# Extracted entries
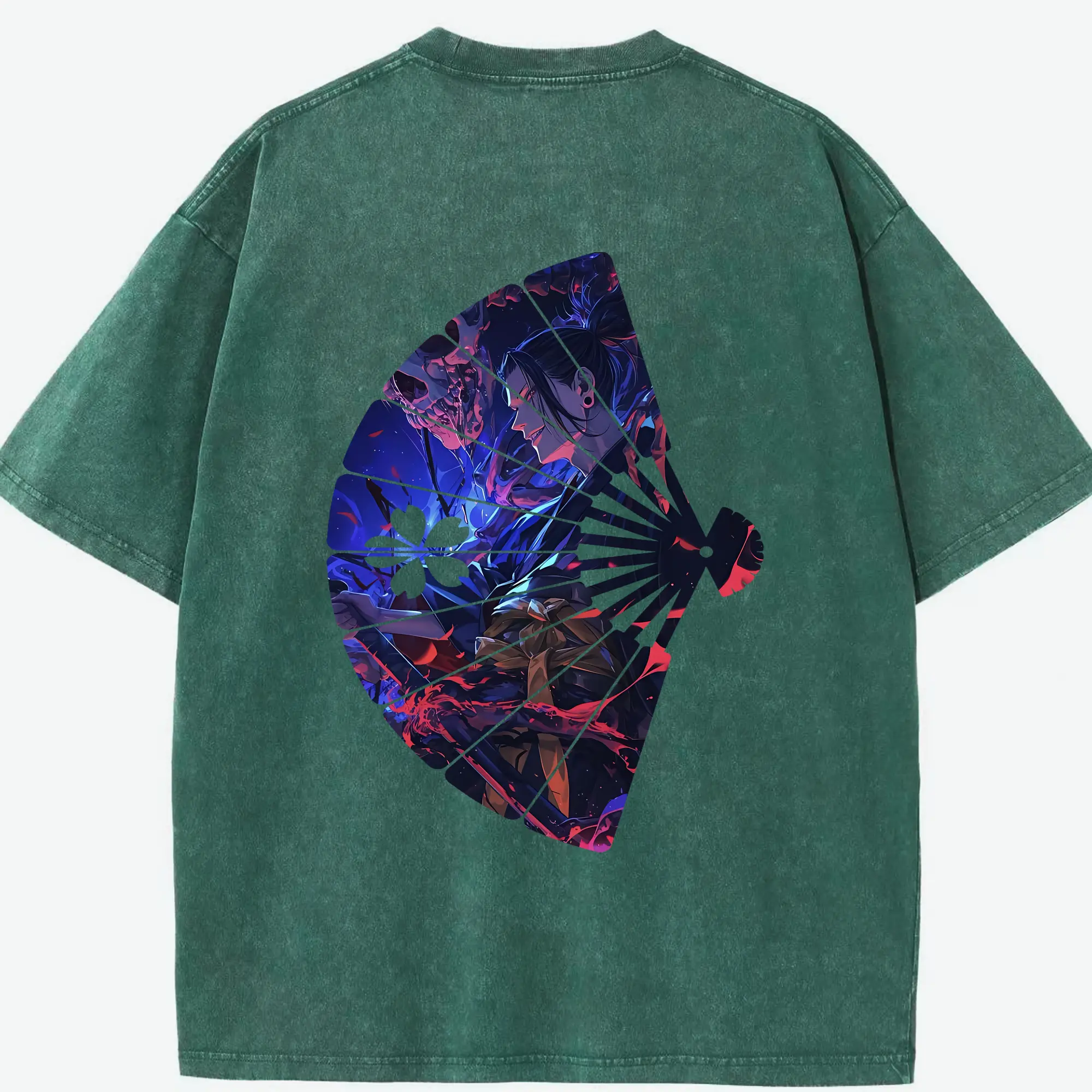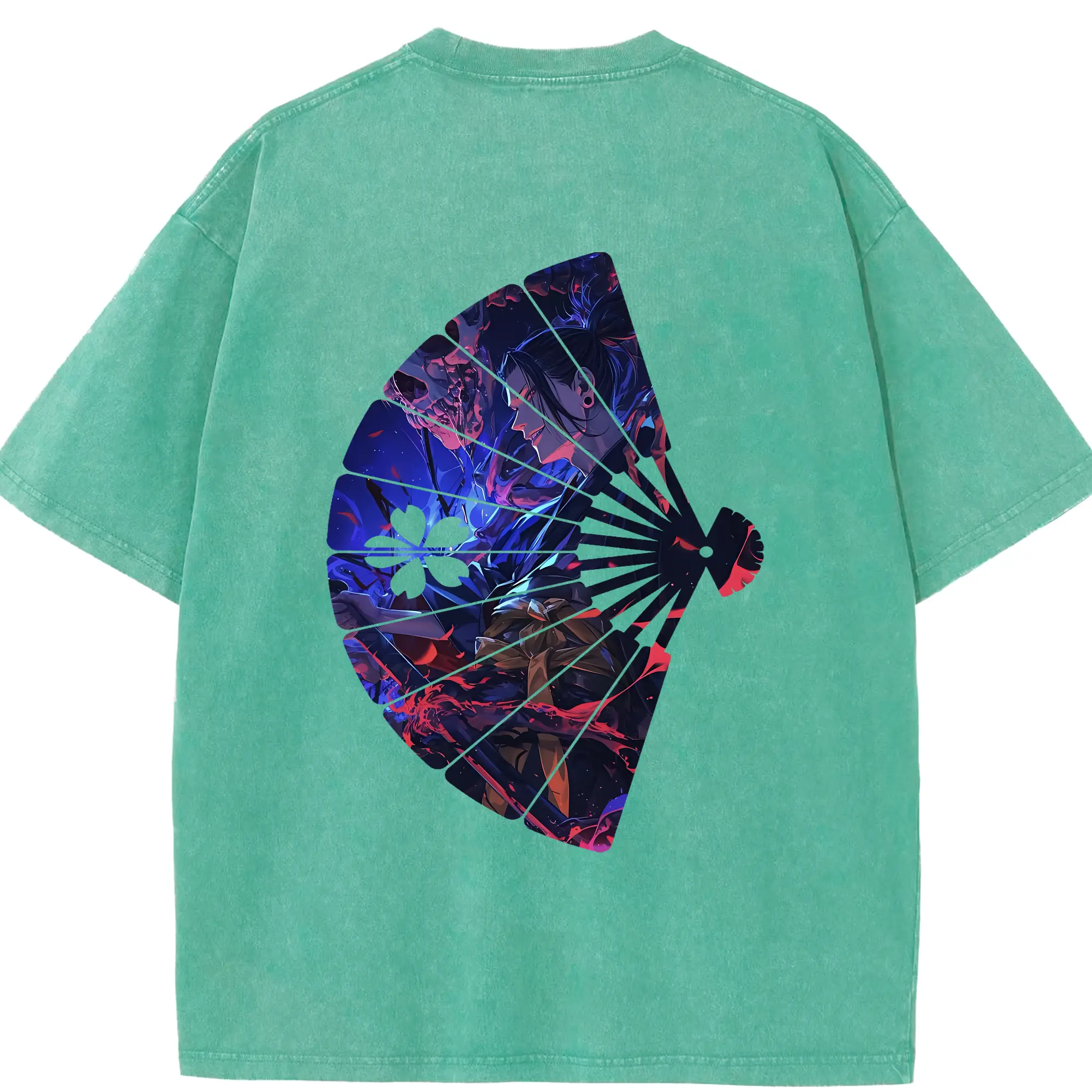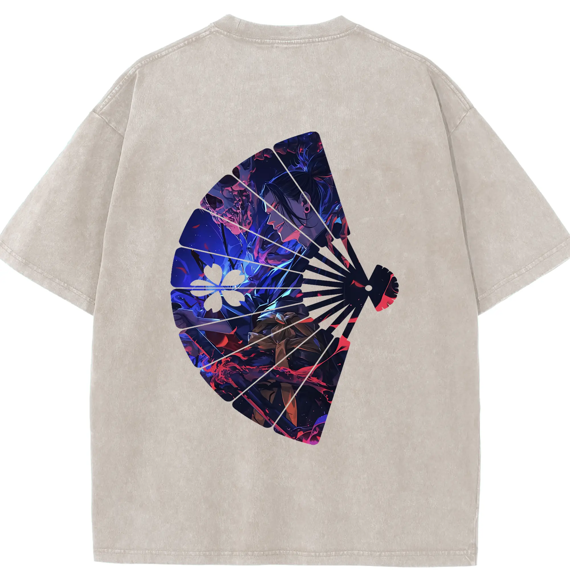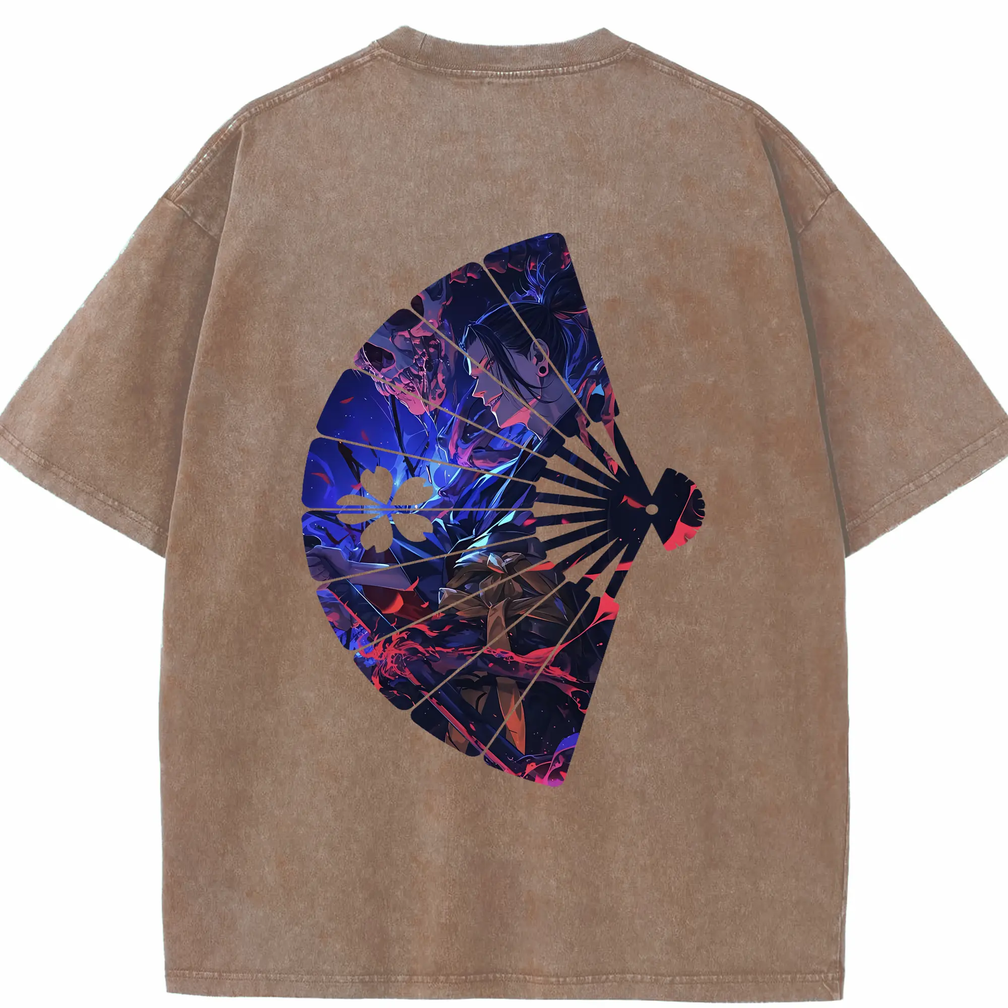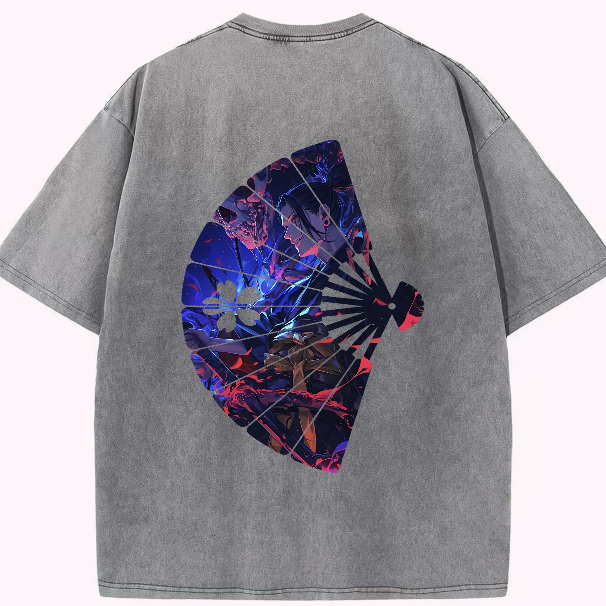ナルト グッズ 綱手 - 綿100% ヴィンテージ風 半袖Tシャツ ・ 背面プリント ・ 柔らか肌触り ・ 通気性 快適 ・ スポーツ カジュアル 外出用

* * *

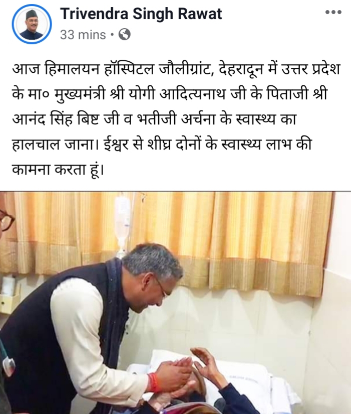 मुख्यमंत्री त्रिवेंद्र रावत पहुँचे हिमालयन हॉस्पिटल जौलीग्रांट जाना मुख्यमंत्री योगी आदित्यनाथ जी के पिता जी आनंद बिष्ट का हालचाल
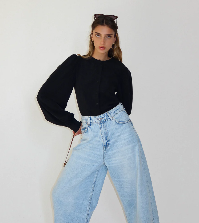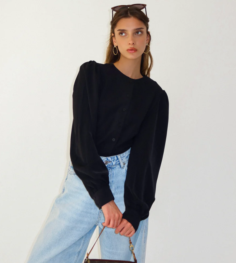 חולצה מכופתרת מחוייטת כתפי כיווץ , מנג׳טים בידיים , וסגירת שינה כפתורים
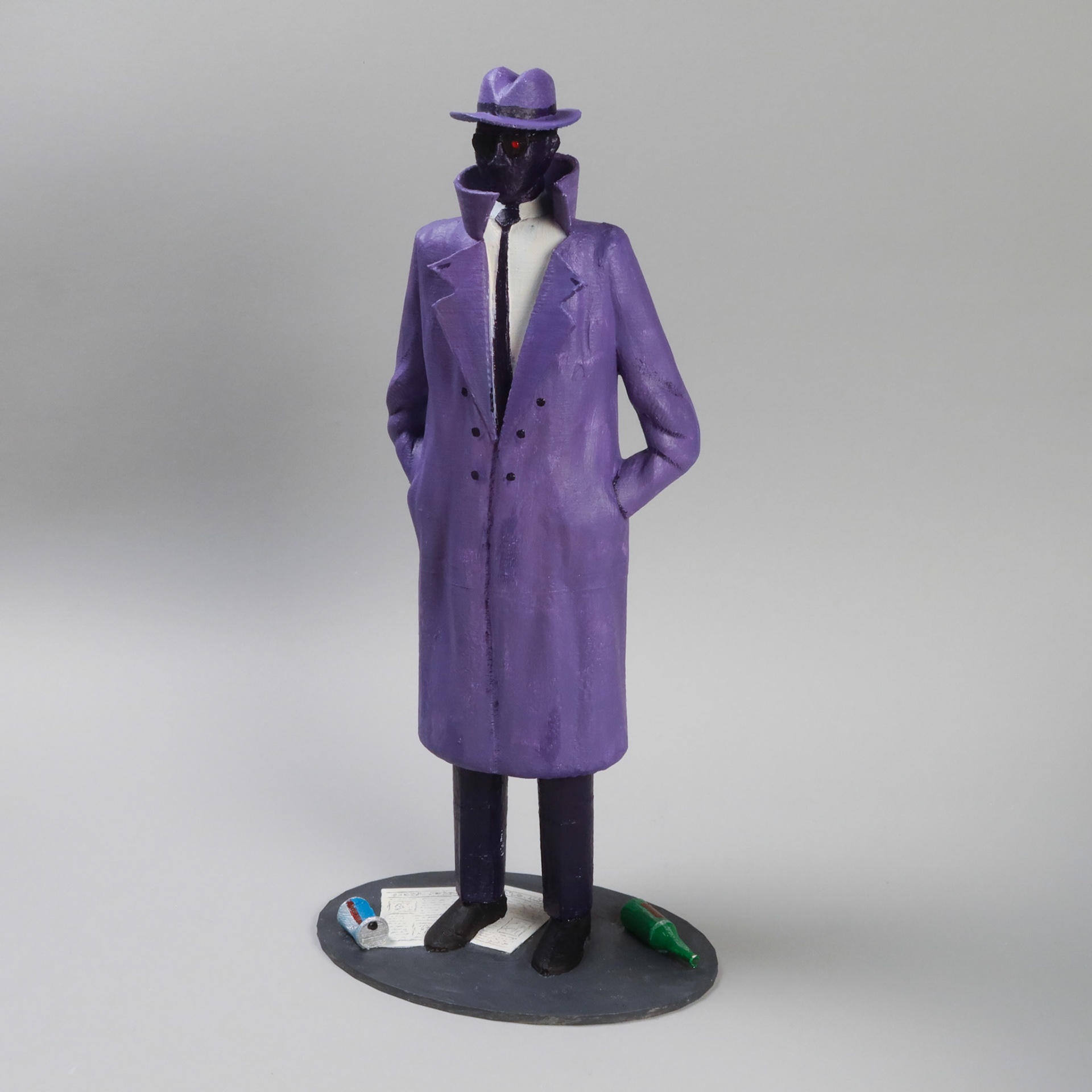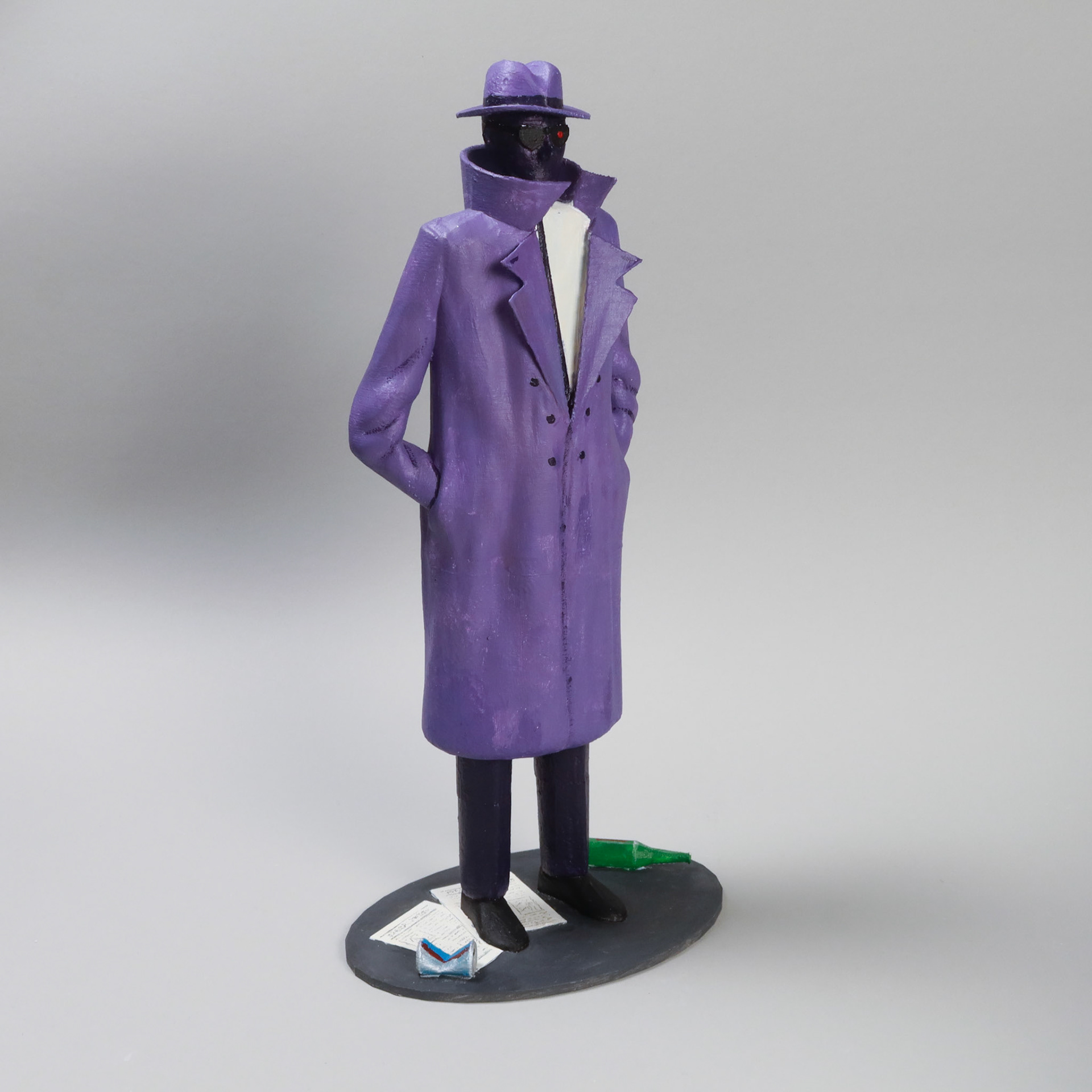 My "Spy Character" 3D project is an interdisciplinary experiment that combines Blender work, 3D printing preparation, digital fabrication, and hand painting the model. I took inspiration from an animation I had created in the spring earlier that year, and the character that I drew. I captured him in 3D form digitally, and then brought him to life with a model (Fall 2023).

# Task to complete
Return exactly the lines above, from the one with "मुख्यमंत्री त्रिवेंद्र रावत" up to and including the one with "model (Fall 2023).", and include no pictures.

# Result of the task
 मुख्यमंत्री त्रिवेंद्र रावत पहुँचे हिमालयन हॉस्पिटल जौलीग्रांट जाना मुख्यमंत्री योगी आदित्यनाथ जी के पिता जी आनंद बिष्ट का हालचाल
 חולצה מכופתרת מחוייטת כתפי כיווץ , מנג׳טים בידיים , וסגירת שינה כפתורים
 My "Spy Character" 3D project is an interdisciplinary experiment that combines Blender work, 3D printing preparation, digital fabrication, and hand painting the model. I took inspiration from an animation I had created in the spring earlier that year, and the character that I drew. I captured him in 3D form digitally, and then brought him to life with a model (Fall 2023).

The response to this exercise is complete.